Sources: Martha Stewart’s interview on “The Tonight Show Starring Jimmy Fallon,” as described in the Dec. 17, 2025 episode recap on NBC; Page Six style coverage of Stewart’s comments and injury story published Dec. 17, 2025.

Backstory (For Casual Readers)

If you know Martha Stewart as “the woman who shows you how to fold napkins into swans,” you’re technically right, but you’re missing the recent chapters. She’s a longtime lifestyle mogul – cookbooks, TV shows, home goods, the whole domestic empire – who has also leaned hard into her late-life cool-girl era. In the last few years she’s posed in swimsuits, fronted fashion campaigns, and kept a lively Instagram presence that toggles between garden inspiration and unapologetic thirst traps. Jalen Brunson, for anyone not following the NBA, is the New York Knicks’ star guard and team captain, a key figure in the franchise’s resurgence and exactly the sort of player you want crashing toward the basket – just preferably not into Martha’s toes.

What’s Next

Realistically, Martha will heal, the toe will (eventually) forgive her, and she’ll go right on being busier than people half her age – she’s already fronting an American Eagle holiday campaign and reissuing her classic 1982 book “Entertaining.” The woman treats “slowing down” like a rumor.

The bigger ripple is cultural: does this nudge courtside style even an inch toward practicality? Maybe not overnight. But when the queen of elevated entertaining publicly says, “Wear closed-toe shoes if you’re on the floor,” it lands a little differently than your podiatrist’s lecture.

Don’t be shocked if we start seeing more designer sneakers and fewer delicate sandals hugging that sideline. Or, at minimum, more people silently weighing the question: “Do I want viral photos, or do I want all ten toes intact?” Martha, unsurprisingly, has managed to get both.

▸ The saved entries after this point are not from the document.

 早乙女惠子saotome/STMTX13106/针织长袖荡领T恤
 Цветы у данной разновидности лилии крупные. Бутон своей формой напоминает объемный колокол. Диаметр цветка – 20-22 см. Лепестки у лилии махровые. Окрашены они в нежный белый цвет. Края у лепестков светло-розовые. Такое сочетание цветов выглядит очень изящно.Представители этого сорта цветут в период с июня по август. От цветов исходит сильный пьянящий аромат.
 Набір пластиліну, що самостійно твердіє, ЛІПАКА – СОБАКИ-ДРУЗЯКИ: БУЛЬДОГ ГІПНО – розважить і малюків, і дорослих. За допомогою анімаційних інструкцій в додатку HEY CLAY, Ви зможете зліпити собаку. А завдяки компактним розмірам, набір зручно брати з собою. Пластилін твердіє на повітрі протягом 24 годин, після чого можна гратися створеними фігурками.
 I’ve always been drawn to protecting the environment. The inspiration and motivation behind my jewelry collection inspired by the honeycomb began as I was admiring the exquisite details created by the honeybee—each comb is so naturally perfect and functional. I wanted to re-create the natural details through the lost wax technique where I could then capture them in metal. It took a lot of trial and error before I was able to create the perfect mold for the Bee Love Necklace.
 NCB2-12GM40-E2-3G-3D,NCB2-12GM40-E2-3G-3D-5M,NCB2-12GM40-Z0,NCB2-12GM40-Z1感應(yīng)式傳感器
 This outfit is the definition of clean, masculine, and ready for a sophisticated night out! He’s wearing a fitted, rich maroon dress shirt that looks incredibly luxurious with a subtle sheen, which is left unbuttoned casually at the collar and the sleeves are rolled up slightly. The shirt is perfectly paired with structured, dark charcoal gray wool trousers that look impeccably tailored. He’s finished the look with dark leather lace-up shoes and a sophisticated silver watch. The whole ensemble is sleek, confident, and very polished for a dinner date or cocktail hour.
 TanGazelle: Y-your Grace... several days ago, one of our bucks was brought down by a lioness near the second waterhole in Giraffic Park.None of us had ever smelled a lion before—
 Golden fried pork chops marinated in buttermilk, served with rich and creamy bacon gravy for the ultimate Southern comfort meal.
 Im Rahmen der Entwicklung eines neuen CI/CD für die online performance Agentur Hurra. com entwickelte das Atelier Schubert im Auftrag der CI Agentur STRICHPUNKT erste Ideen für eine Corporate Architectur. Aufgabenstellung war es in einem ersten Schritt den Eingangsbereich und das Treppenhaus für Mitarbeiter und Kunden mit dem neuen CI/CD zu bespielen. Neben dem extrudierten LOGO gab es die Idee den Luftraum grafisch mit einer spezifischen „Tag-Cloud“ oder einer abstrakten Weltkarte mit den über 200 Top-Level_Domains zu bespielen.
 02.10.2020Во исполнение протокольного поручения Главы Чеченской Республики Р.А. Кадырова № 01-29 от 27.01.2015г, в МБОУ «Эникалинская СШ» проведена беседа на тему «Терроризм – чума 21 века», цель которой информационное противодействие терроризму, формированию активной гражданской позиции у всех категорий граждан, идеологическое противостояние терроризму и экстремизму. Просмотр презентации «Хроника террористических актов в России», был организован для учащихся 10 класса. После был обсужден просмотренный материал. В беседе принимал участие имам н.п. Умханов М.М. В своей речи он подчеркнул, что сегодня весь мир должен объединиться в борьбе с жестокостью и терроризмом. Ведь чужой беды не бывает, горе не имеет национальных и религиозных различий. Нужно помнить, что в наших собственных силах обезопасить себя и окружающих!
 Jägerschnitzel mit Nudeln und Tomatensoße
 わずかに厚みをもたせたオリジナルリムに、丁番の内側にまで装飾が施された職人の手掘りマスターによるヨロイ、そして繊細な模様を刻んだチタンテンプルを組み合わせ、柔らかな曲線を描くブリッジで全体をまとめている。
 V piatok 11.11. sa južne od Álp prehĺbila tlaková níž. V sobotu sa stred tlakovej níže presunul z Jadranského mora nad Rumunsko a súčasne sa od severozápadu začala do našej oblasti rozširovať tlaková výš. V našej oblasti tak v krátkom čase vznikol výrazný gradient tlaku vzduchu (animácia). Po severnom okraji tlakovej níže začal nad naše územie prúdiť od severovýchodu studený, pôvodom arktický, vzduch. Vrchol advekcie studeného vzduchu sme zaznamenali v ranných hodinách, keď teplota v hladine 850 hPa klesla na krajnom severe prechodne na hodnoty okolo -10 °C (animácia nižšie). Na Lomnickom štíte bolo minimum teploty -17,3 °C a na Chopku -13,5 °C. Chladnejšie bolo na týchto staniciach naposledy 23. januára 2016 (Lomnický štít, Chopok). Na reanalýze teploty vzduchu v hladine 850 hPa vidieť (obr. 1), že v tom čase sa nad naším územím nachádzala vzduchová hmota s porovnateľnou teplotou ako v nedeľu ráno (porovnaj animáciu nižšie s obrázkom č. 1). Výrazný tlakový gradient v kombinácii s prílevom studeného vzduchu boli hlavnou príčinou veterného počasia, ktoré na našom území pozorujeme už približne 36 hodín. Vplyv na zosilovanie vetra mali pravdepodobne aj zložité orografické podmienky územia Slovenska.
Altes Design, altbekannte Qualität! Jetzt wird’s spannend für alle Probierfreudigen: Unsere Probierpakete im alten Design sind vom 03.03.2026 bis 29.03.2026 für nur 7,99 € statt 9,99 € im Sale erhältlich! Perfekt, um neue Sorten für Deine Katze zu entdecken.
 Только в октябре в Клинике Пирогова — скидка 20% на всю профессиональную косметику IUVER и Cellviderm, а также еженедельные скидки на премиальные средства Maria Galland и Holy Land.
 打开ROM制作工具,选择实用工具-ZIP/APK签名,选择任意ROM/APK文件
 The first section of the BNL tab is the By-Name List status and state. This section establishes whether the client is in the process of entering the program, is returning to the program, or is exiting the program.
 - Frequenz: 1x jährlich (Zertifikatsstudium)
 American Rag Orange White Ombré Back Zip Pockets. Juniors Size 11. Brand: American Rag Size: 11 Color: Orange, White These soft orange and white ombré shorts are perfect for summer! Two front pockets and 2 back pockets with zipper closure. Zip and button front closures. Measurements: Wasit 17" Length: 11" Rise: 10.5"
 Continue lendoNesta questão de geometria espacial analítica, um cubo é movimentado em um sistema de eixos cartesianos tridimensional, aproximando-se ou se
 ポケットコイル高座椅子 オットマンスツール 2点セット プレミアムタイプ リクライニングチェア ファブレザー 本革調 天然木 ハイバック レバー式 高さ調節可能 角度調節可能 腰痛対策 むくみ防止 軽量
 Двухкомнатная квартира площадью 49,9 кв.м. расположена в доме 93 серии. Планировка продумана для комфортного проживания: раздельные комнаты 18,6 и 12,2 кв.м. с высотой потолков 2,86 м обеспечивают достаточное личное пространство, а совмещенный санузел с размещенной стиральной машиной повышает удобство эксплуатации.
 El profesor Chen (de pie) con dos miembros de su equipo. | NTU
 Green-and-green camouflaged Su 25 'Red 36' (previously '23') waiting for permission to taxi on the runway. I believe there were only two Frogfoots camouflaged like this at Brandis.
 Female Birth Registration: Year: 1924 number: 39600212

And if the Knicks have any sense of humor, they’ll lean into this – maybe a lighthearted acknowledgment the next time she’s at the Garden, or a tongue-in-cheek nod to the “Brunson Fracture” on social media. She’s not mad, she’s telling the story on late-night TV. That’s basically a celebrity gold star.

In the meantime, Martha has added one more line to her ever-growing personal brand: homemaking icon, thirst-trap pioneer, and now unofficial spokesperson for sports-adjacent foot safety.

Your turn: If you had courtside seats, are you dressing for fashion, for safety, or trying to thread the needle between Manolos and steel-toe chic?